Was zumindest mir recht negativ aufgestoßen ist sind das Script die Charaktere, FX und Dialoge, die mehr oder weniger amateurhaft daherdümpeln. Der Film ist eigentlich eine dauerhafte Hide and Seek Veranstaltung, die Guten verstecken sich, werden gefunden, fliehen, verstecken sich, werden gefunden usw, auf die Dauer wirds ein wenig eintönig, schlimmer finde ich dabei noch die GZSZ-förmige Struktur und Dialoge.
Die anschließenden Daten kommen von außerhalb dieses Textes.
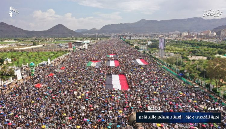 العاصمة صنعاء في طوفان مليوني متجدد إسنادا لفلسطين تحت شعار (نصرة للأقصى وغزة.. الإسناد مستمر والرد قادم)
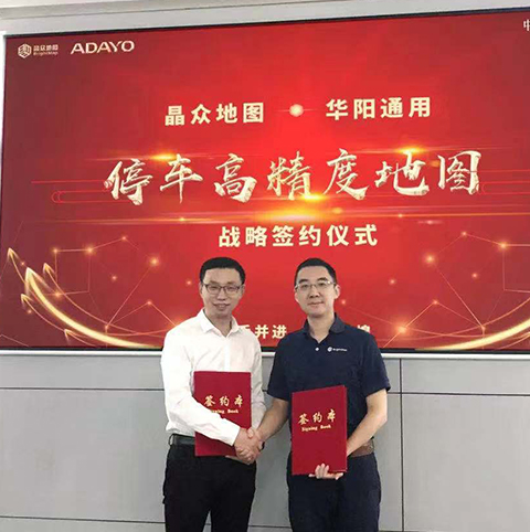 2019年11月5日,华阳通用与江苏晶众信息科技有限公司(简称“晶众地图”)联合开展的“停车高精度地图”战略签约仪式,在华阳通用公司举行。 华阳通用产品规划总监张海军、晶众地图副总裁兼智能网联地图事业部COO杨柯,分别代表公司参会、签署战略合作协议。双方将建立长期稳定的战略合作伙伴关系,围绕“停车导航、高精地图、自动代客泊车”等领域展开深层次的战略合作。

Also im Mittelpunkt steht ein 12jähriger Rotzlöffel (was ich sowieso liebe) der allein mit seiner Mutter lebt und dessen Vater verstorben ist. Doch haha, er ist nicht tot sondern nur zur dunklen Seite der Macht übergelaufen. Also schnappt sich Mami ihren Bruder, der mit seiner Tochter zusammen Mami bei der Flucht hilft, doch Bösepapi schnappt sich Brudertöchti und polt diese um, das diese Papi und Schwester von Papi (Also Mami vom 12 jährigen) verrät. Am Ende hat sich die Familie wieder lieb (also Mami u. Papi von Goof) und reitet in den Sonnenuntergang. Also wenn das kein Stoff für ne Soap ist.
Richtig spannend wirds immer dann, wenn die bösen Buben das jeweilige Versteck unserer Protagonisten ausfindig gemacht haben und denen anschließen saures gibt. Sobald sich die Guten in momentaner Sicherheit befinden, gibts leider nur pseudomelodramatischer und -religiöses Geschwätz nahe der Schmerzgrenze. Der Härtgrad ist dabei reichlich moderat, es wird zwar fleißig gestorben, aber viel mehr wie gelegentlich Einschüsse sind nicht zu verzeichnen. Aus der "eher peinlich Abteilung" kommen die Wolfsmasken, zudem verzichtet man auf eigentliche Verwandlungssequenzen komplett, nicht gerade der Joe Dante Standard.
Der Film ist ein ziemlich seichter Verteter der Lycanthropen Reihe, es gibt mittlerweile dutzende von besseren Werken zu dieser Tierhorrorthematik, wers etwas dramatisch im Sinne von Tragik, Familie, Ethik und Werte mag, kann mal reinschauen, mir wars zuviel davon.
Ist man eigentlich ein schlechter Mensch, wenn man bei Filmen die Bösewichter anfeuert?